#NYFF 2014: Tales of the Grim Sleeper
Nick Broomfield’s Tales of the Grim Sleeper plays this evening and tomorrow afternoon at the 52nd New York Film Festival. The film has been acquired for distribution by HBO Documentary Films.
In 2010, South Central resident Lonnie Franklin, Jr. was arrested on ten counts of murder, one of suspected murder; his house yielded a cache of hundreds of nameless photos of black women, blood-stained clothing, hours and of hours of video footage. His nickname in the press—“The Grim Sleeper”—came from the ostensible gap between killings in 1988 and 2002, but the jackpot of evidence began to suggest a longer spree, of not just murders but also kidnappings and rapes. In their first encounters with Nick Broomfield, director of Tales Of The Grim Sleeper, a preponderance of male interviewees avow—from one end of South Central to the other—that, despite the allegations against him, Franklin was actually a pretty solid dude. Grim Sleeper is less interested in the accumulation of hard evidence, and more the dawning realization among the community (not just limited to Franklin’s guy-friends) that, yes, he really was able to get away with these things. And it was easy. Referring to crackheads who came under Franklin’s thumb, a friend of his jokes: “They don’t know that they’re messing with the wrong man. You get into that car, you ain’t coming back out!” He and his companion then both burst into knowing guffaws of laughter.

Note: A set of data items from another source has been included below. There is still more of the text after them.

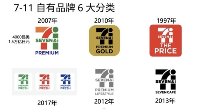 1997年,日本7-11推出“Seven Eleven Select”系列,這是其首個正式的自有品牌,主打高性價比。2007年,Seven Premium系列亮相;2010年,Premium Gold 系列亮相;2012年,Premium Lifestyle亮相;2013年:Premium Cafe亮相;2017年,Premium Fresh亮相。
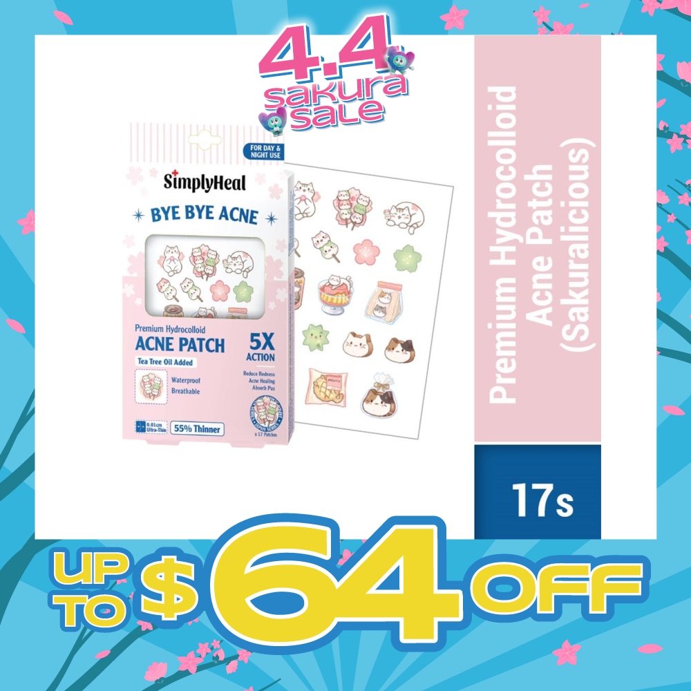 SIMPLYHEAL Premium Hydrocolloid Acne Patch Sakuralicious (Tea Tree Oil Added, Waterproof & Breathable) 17s
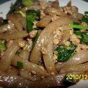 魔芋、肉末、蒜苗、葱花、姜、芹菜叶、盐、蚝油、鱼露、酱油。
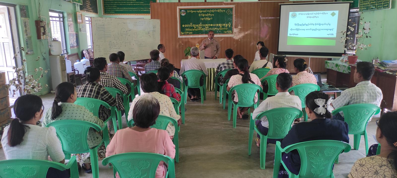 သက်ဆိုင်ရာ မြေ၊ မျိုး၊ ပိုး တာဝန်ခံများက မိုးကြိုချည်မျှင်ရှည်ဝါ အထွက်နှုန်းတိုးတက်ရေး အတွက်လိုအပ်သည်များ ဆွေးနွေးခဲ့သည်။ မြို့နယ်ဦးစီးမှူးမှ တောင်သူများ၏ မေးမြန်းဆွေးနွေး ချက်များ ဖြေကြားပေးခဲ့ပြီး မိုးကြိုဝါစိုက်ပျိုးထုတ်လုပ်မှု မြင့်မားရေးအတွက် သီးထပ်၊ သီးညှပ် စိုက်ပျိုးနည်းစနစ်များ၊ အပင်ကြီးထွားမှု အဆင့်လိုက် မဖြစ်မနေ ဆောင်ရွက်ရမည့် လုပ်ငန်းစဥ် များအား အသေးစိတ်ဆွေးနွေးခဲ့သည်။ ထို့နောက် တက်ရောက်လာသည့် တောင်သူများအား ဝါမျိုးကောင်းမျိုးသန့် မျိုးစေ့များ အခမဲ့ပေးအပ်ခဲ့ပြီး မြေချဥ်၊ ငံ တိုင်းတာမှုကို ဒုတိယဦးစီးမှူး ဒေါ်ဥမ္မာခိုင်မှ လက်တွေ့ သရုပ်ပြသခဲ့သည်။
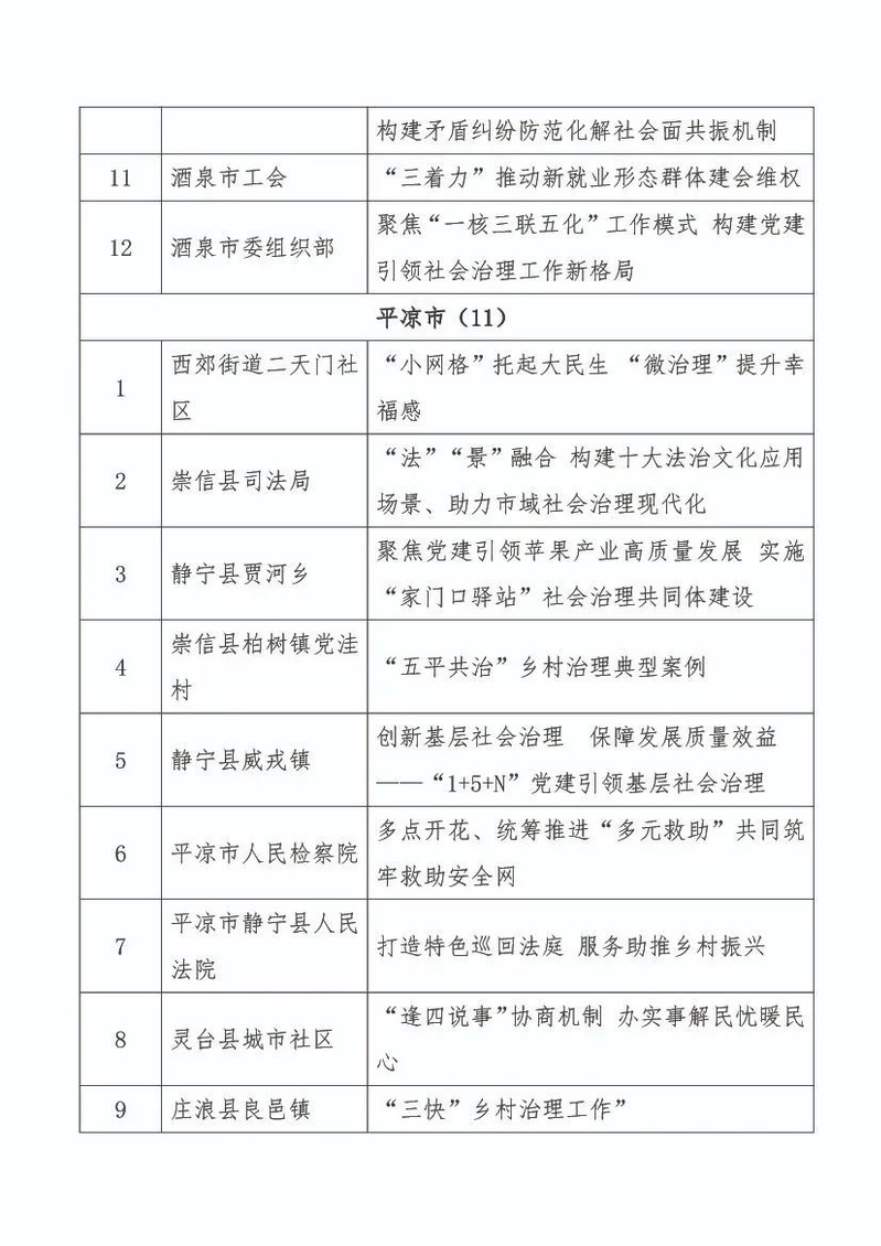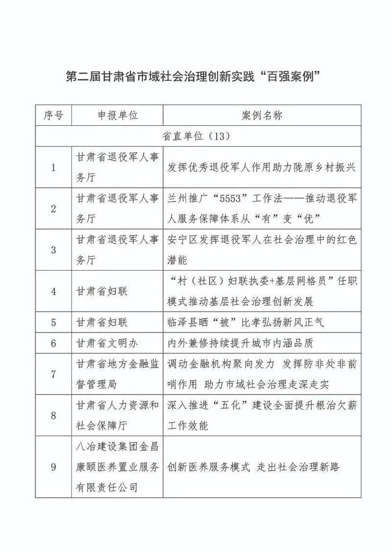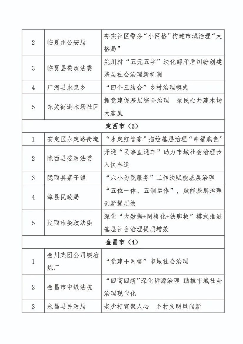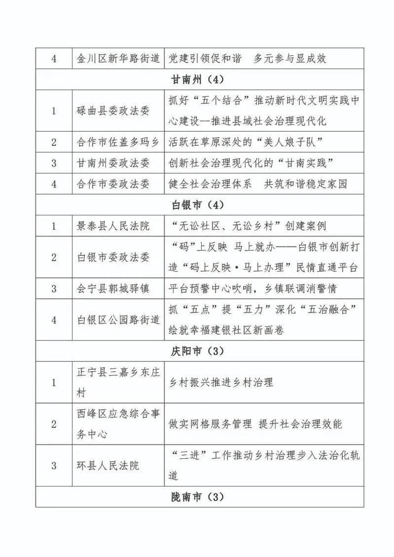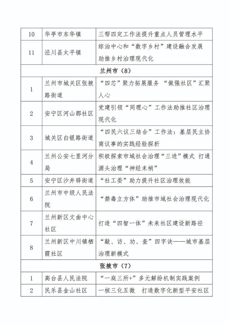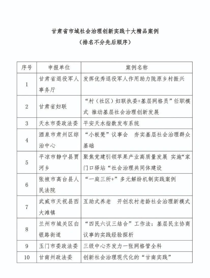 甘肃省市域社会治理创新实践十大精品案例名单公布
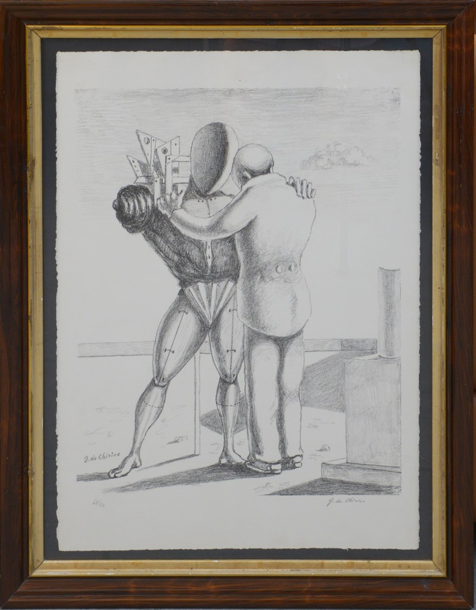Giorgio de Chirico "Senza titolo" litografia in bianco e nerocm 71x50,5numera
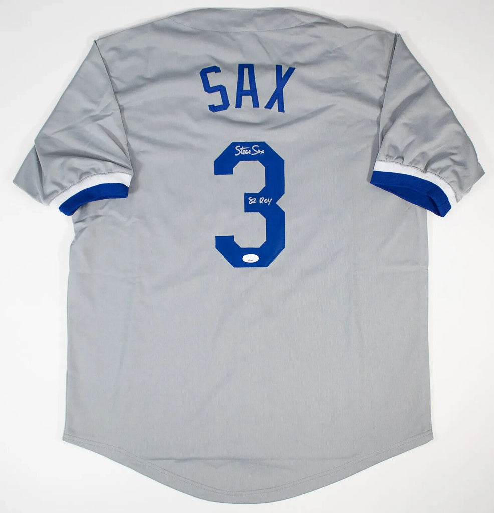 This autographed custom on-field style adult XL jersey has been personally hand-signed by Steve Sax of the Los Angeles Dodgers. When signing, Sax inscribed "82 ROY" along with his signature. This autograph is certified by James Spence Authentication (JSA). It comes with the numbered hologram and matching Certificate of Authenticity.Custom on-field style jerseys are a more affordable option for autograph seekers. These jerseys do not have any brand name or tags and are made in the Philippines. They feature stitched on names and numbers and are made to look very similar to the on-field jerseys that the players wear. These custom jerseys are very commonly used in the memorabilia industry.
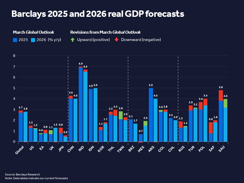Celkově analytici Barclays revidovali svou prognózu globálního ekonomického růstu pro letošní rok. Nově očekávají pokles na 2,7 %, což je o 0,2 procentního bodu méně, než bylo předpovídáno v březnu. Toto zpomalení je důsledkem kombinace výše zmíněných faktorů, včetně amerických cel a nestability čínského realitního trhu.
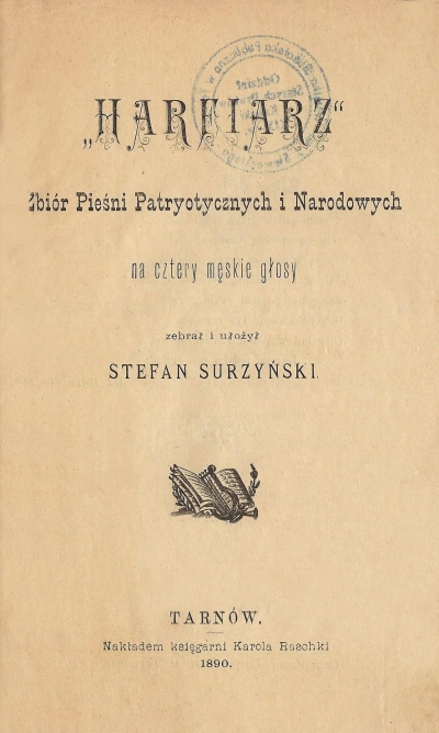 | Inne tytuły: | na cztery męskie głosy zbiór pieśni patryotycznych i narodowych "Harfiarz" Serya 1 |
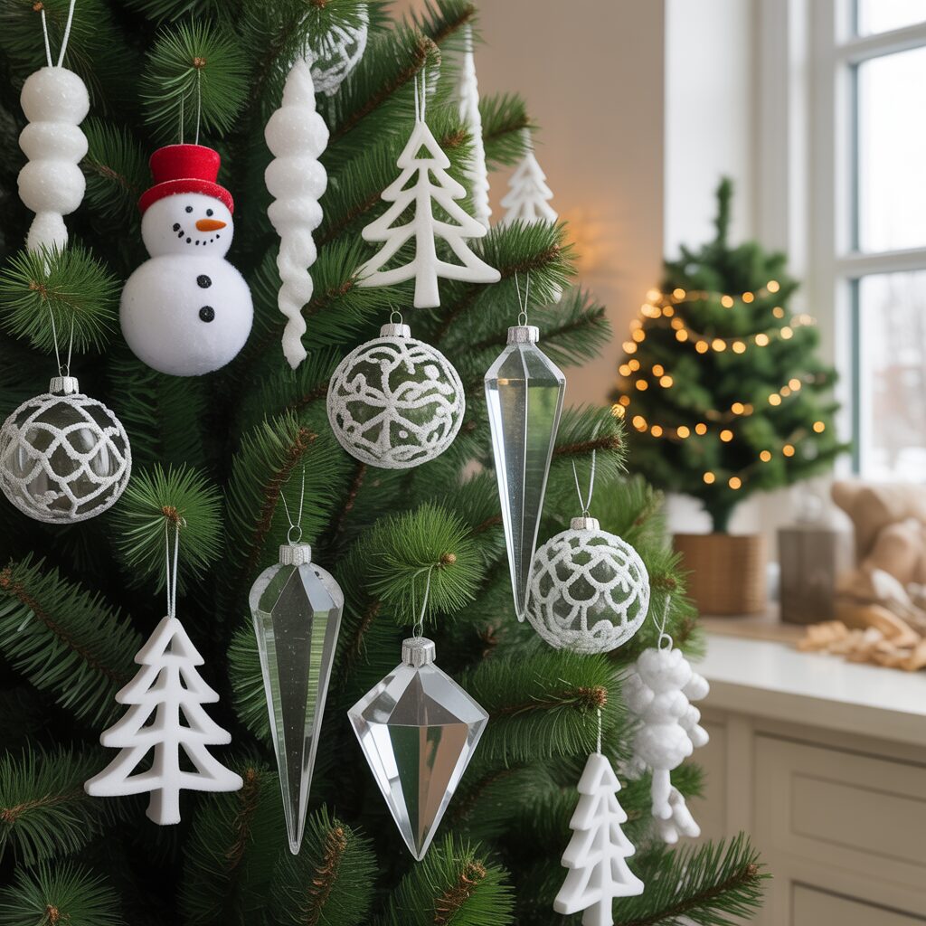 Add themed accents like snowmen, icicles, or crystal shapes. Themed ornaments enhance the winter wonderland vibe of the tree.
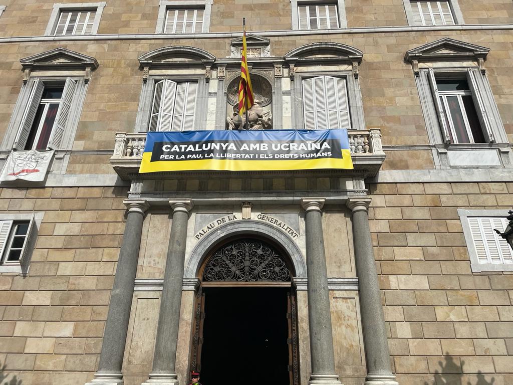 El passat dijous 3 de març, el govern català va celebrar un acte de suport al poble ucraïnès al Palau de la Generalitat amb el lema “Catalunya, Europa, amb Ucraïna”. En acabar, es va penjar una pancarta al balcó del Palau, com explica la nota de premsa del Govern.
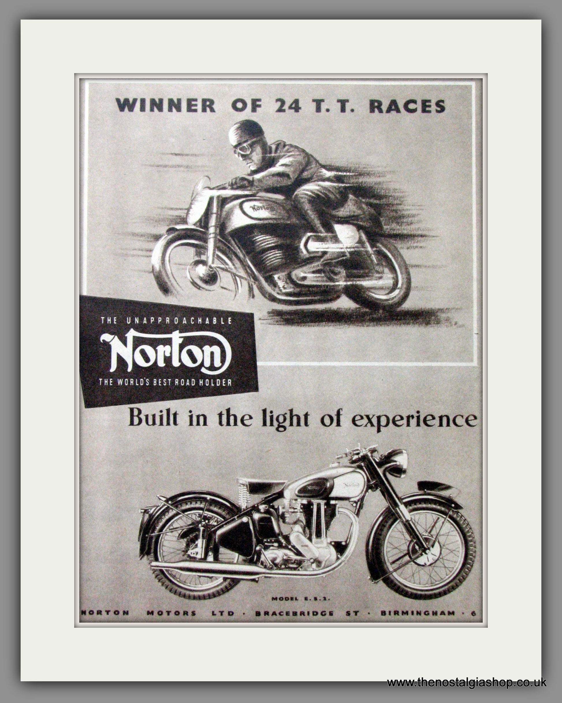 Norton Motorcycles. Winner of 24 TT races Norton ES2. Classic Original Vintage advert 1951. Presented in cream bevel cut mount with backing card and clear bag. Ready to fit in 14 x 11 inch frame. Want it framing? If so, buy this then go to Frames Available Category. Click to buy on the suitable frame and we will do the rest. All our adverts, unless clearly stated are Originals from the date shown. They make excellent pieces of wall art and stunning gifts. Many are rare and hard to find and once sold, may not be replaced. Remember you are buying a piece of history. Website watermark is not on original.
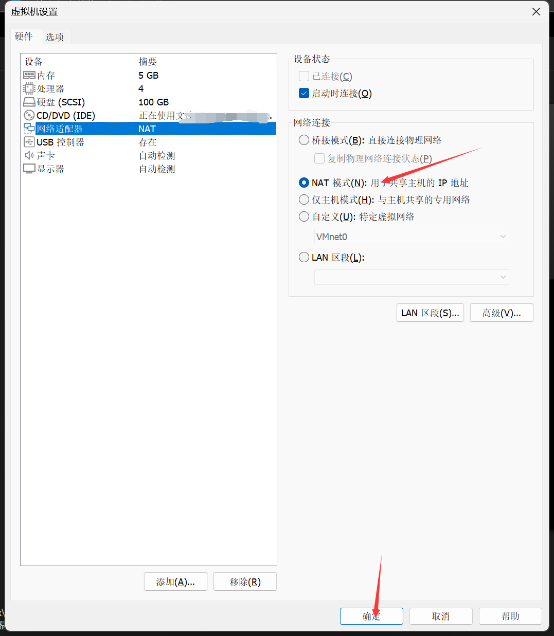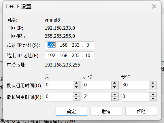 这里确定虚拟机IP的C段,我选用的是3->10,根据自己的虚拟机数量确定分配的IP数量,然后右下角确定
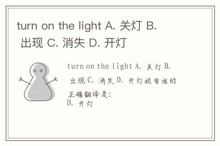 turn on the light A. 关灯 B. 出现 C. 消失 D. 开灯
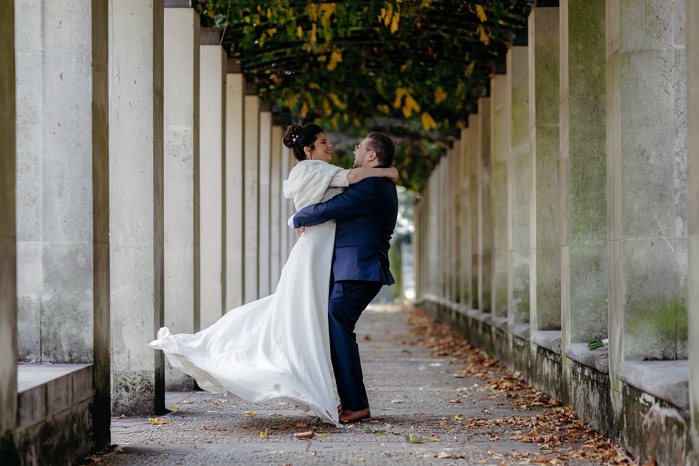 La séance photo de groupe ayant pris fin, les invités rejoignent le lieu de réception tandis que je reste sur place avec nos tourtereaux pour réaliser la séance photo de couple au parc de Bercy.
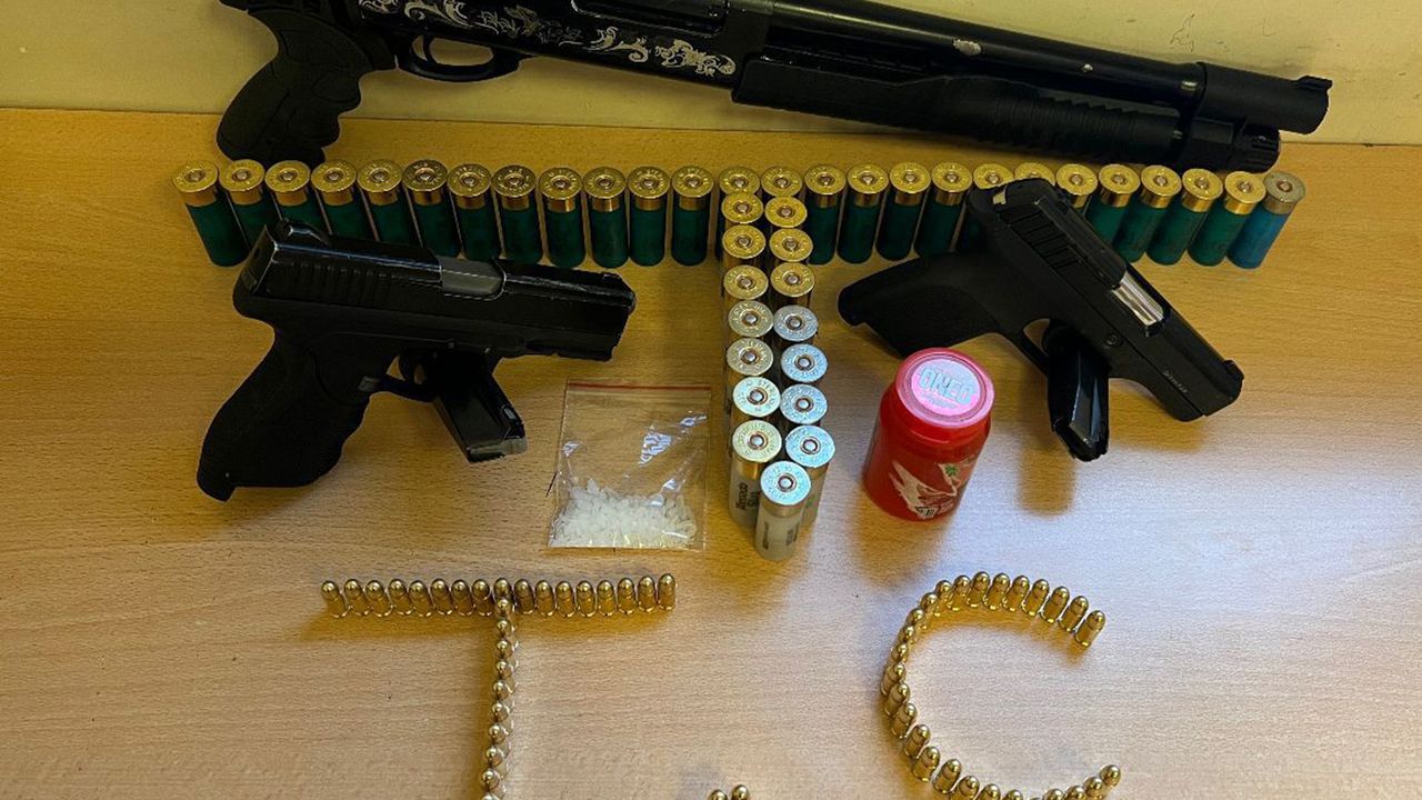 Yapılan aramada, 2 adet ruhsatsız tabanca, 1 adet pompalı tüfek,103 adet fişek ve bir miktar uyuşturucu madde ele geçirildi.
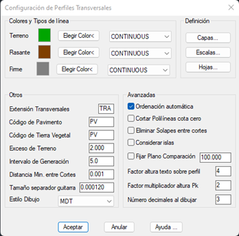 29.11. Transversales Permite modificar los valores de los parámetros que afectan a los comandos de obtención y dibujo de perfiles transversales.
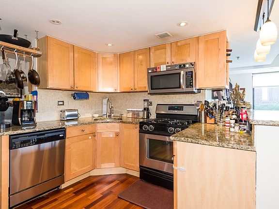 Spectacular 3 bedroom and 2 bathroom home with NYC views - a rare find in this price range! Located in a full service doorman building this corner unit home is flooded with southern light, and boasts beautiful hardwood floors, central air, granite counters, in-unit washer/dryer, and a large private terrace! Enjoy area amenities including the newly installed SW Park and the on-site organic marketplace. Parking and gym in building are available for an additional fee. Free shuttle to PATH Train and just steps to the Light Rail.
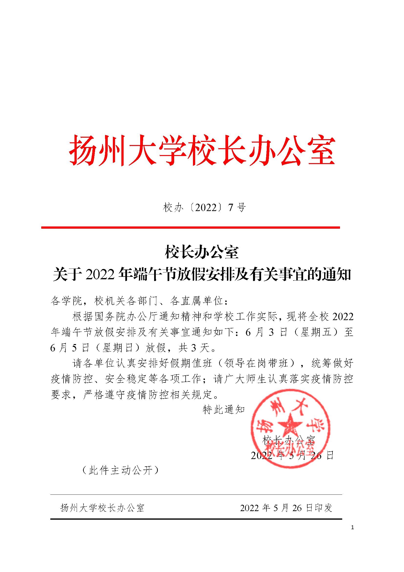 校长办公室关于2022年端午节放假安排及有关事宜的通知
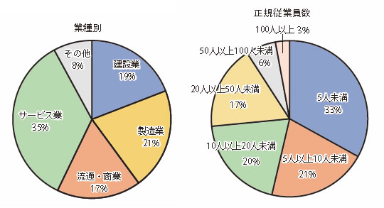 業種別 / 建設業19%、製造業21%、流通商業17%、サービス業35%、その他8%

The stickiest subject isn’t the two-decades-long negligence of the LAPD—although it’s there—but rather, a type of complicity that allowed Franklin to operate as a mini-dictator. One of his few available survivors, a reformed sex worker (and crack-smoker) named Pam, becomes Broomfield’s de facto guide, and her own detective work takes the film places it’s hard to imagine Broomfield strolling into on his own. The director’s signature third-wall-busting isn’t as obtrusive as in his earlier work, and allows for a welcome varietal of something resembling humor amid so many excruciating testimonies. Broomfield explores how, on the face of it, it’s enough for the powers that be to have Franklin in custody; the odds of his victims getting their own investigations, to say nothing of his connection to the scores of women flat-out missing, are depressingly low. (Franklin aside, a whole other documentary could be made about the means of closure attempted by the victim’s families and community organizations.) A representative of one group casually offers what will become the film’s thesis: “The real tragedy is the lack of concern that allowed so many more people to be murdered.” It’s the same reason why, in the event of an emergency, she strictly forbids her kids from dialing 911: to the authorities, a black life is either a threat, or nothing at all.